BREAKING: India is bringing agricultural credit to Avalanche, unlocking a new layer of access for millions of farmers Together with @finternet_org , Arya․ag is bringing agricultural financing infrastructure onchain, alongside 4-5 major lenders including Singularity Credit and… pic.twitter.com/5sb10u49SK — Avalanche (@avax) September 10, 2026
BREAKING: India is bringing agricultural credit to Avalanche, unlocking a new layer of access for millions of farmers Together with @finternet_org , Arya․ag is bringing agricultural financing infrastructure onchain, alongside 4-5 major lenders including Singularity Credit and… pic.twitter.com/5sb10u49SK
Tokenisierung ohne Eigentumsübertragung
Die Initiative umfasst weder den tokenisierten Handel mit Getreide noch die Übertragung des Eigentums an Agrarerzeugnissen über öffentliche Märkte. Das Getreide bleibt in physischen Lagerhäusern, während der rechtlich anerkannte e-NWR weiterhin als maßgebliches Finanzierungsdokument dient. Die Blockchain erfasst Informationen zum Getreide und seiner Finanzierung, ersetzt aber nicht das zugrunde liegende Rechtsinstrument.
Arya.ag hat darauf hingewiesen, dass mögliche Vorteile – darunter schnellere Genehmigungen, niedrigere Kosten und ein breiterer Zugang zu Krediten – im praktischen Einsatz noch nicht belegt sind. Vergleichsdaten zu Bearbeitungszeiten, Kosten oder Genehmigungsquoten wurden bislang nicht veröffentlicht.
Auch die Zahl von 2 Milliarden US-Dollar muss eingeordnet werden. Sie entspricht dem geschätzten Wert der im Netzwerk von Arya.ag gehaltenen Agrarerzeugnisse und nicht dem Umfang der bereits onchain erfassten Kreditvergabe. Weder Arya.ag noch Ava Labs haben Transaktionsvolumina, Details zu Smart Contracts oder die Höhe der in das System eingebrachten Sicherheiten offengelegt. Ein unabhängiges Audit wurde nicht angekündigt.
Der operative Rahmen stützt sich auf das Finternet-Konzept, das Nilekani und der ehemalige Generaldirektor der Bank für Internationalen Zahlungsausgleich, Agustín Carstens, in einem BIS-Arbeitspapier aus dem Jahr 2024 entwickelt haben.
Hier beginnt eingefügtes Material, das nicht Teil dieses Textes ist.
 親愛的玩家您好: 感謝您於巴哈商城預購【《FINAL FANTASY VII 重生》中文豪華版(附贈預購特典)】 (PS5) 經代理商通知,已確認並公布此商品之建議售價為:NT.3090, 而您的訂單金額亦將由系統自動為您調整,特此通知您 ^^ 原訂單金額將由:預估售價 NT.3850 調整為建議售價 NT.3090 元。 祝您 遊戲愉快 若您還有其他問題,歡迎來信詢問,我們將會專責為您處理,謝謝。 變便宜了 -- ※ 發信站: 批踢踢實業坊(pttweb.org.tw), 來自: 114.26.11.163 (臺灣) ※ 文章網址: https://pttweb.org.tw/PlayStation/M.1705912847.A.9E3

Das Konzept sieht vernetzte Finanzökosysteme vor, die Tokenisierung und einheitliche Ledger nutzen. Finternet steuert Regeln für die Kommunikation zwischen Lagerhäusern und Kreditgebern bei, doch Governance-Strukturen, Verfahren zur Streitbeilegung und Richtlinien für den Datenzugang sind weiterhin nicht festgelegt.
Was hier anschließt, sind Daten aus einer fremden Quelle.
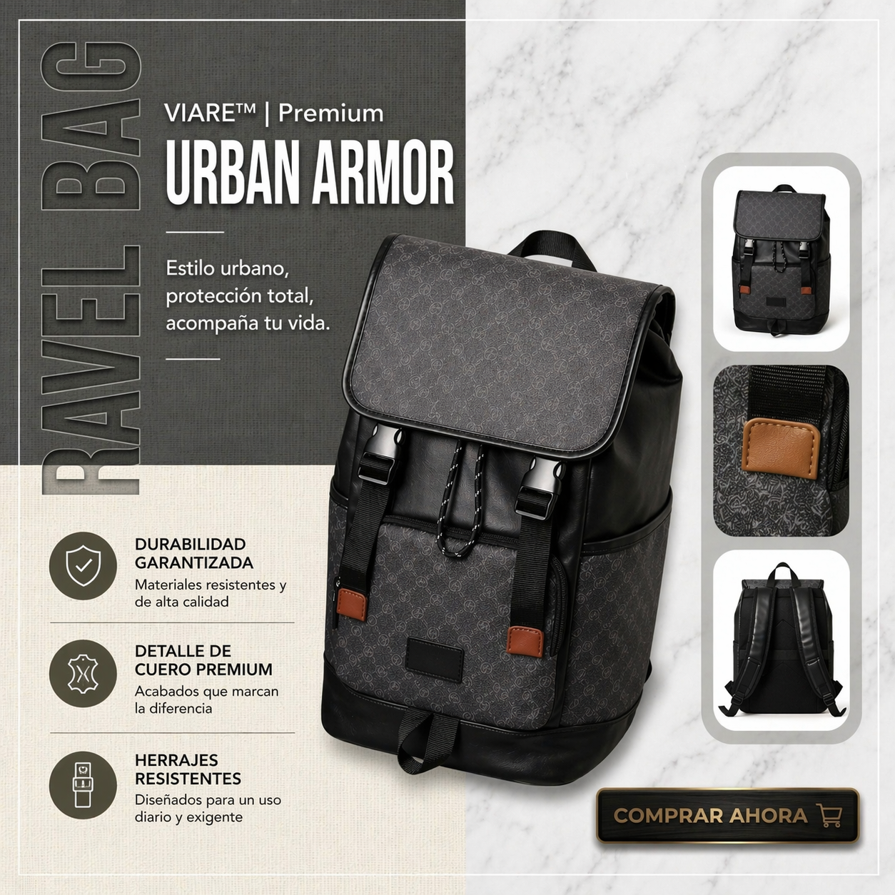 Descubre la combinación perfecta entre diseño moderno y practicidad con esta mochila urbana de estilo minimalista. Pensada para quienes se mueven entre la ciudad, el trabajo y el ocio, esta pieza destaca por su estética elegante en tonos negros con acabado texturizado y detalles contemporáneos.

Arya.ag bedient Berichten zufolge zwischen 850.000 und 900.000 Landwirte über etwa 12.000 gepachtete Lagerhäuser, die 60 % der indischen Distrikte abdecken. Das Unternehmen erreichte zuvor mithilfe einer KI-gestützten Qualitätsbewertung von Getreide und Satellitenüberwachung Kreditgenehmigungen in weniger als fünf Minuten. Dies deutet darauf hin, dass die Blockchain-Schicht in erster Linie den institutionellen Austausch von Aufzeichnungen verbessern soll und nicht unbedingt eine drastische Beschleunigung der Bearbeitung bezweckt.
Das Projekt verfolgt bei der Tokenisierung realer Vermögenswerte einen institutionenzentrierten Ansatz. Seine praktischen Auswirkungen auf die landwirtschaftliche Finanzierung werden erst messbar, wenn Onchain-Daten und das Ausmaß der Bankbeteiligung öffentlich gemacht werden.